Replica methods for loopy sparse random graphs

TL;DR

This paper introduces a new statistical mechanical formalism for analyzing random graphs with many short loops, extending existing theories for tree-like graphs and suggesting adaptations for message passing algorithms.

Contribution

The paper develops a novel replica-based formalism for loopy sparse random graphs, incorporating degree and spectrum constraints, and explores implications for message passing algorithms.

Findings

Formalism recovers known results for tree-like graphs

Suggests how to adapt message passing algorithms for loopy graphs

Provides insights into spin systems on loopy architectures

Abstract

I report on the development of a novel statistical mechanical formalism for the analysis of random graphs with many short loops, and processes on such graphs.
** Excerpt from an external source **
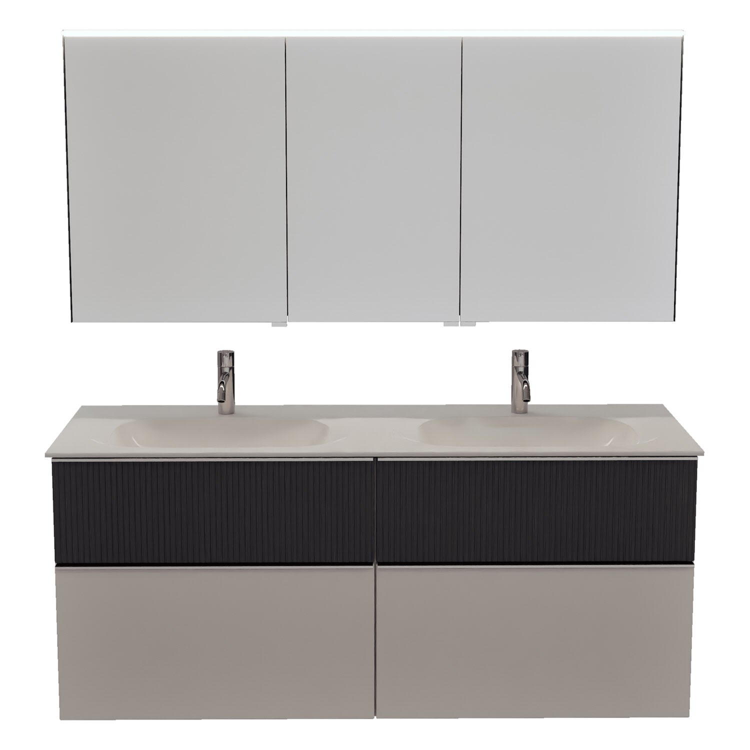 burgbad Fiumo 2.0 Badmöbelset 142 cm mit Waschtisch mit Unterschrank mit Griff G0146 und Spiegelschrank

The graphs are defined via maximum entropy ensembles, in which both the degrees (via hard constraints) and the adjacency matrix spectrum (via a soft constraint) are prescribed. The sum over graphs can be done analytically, using a replica formalism with complex replica dimensions. All known results for tree-like graphs are recovered in a suitable limit. For loopy graphs, the emerging theory has an appealing and intuitive structure, suggests how message passing algorithms should be adapted, and what is the structure of theories describing spin systems on loopy architectures. However, the formalism is still largely untested, and may require further adjustment and refinement.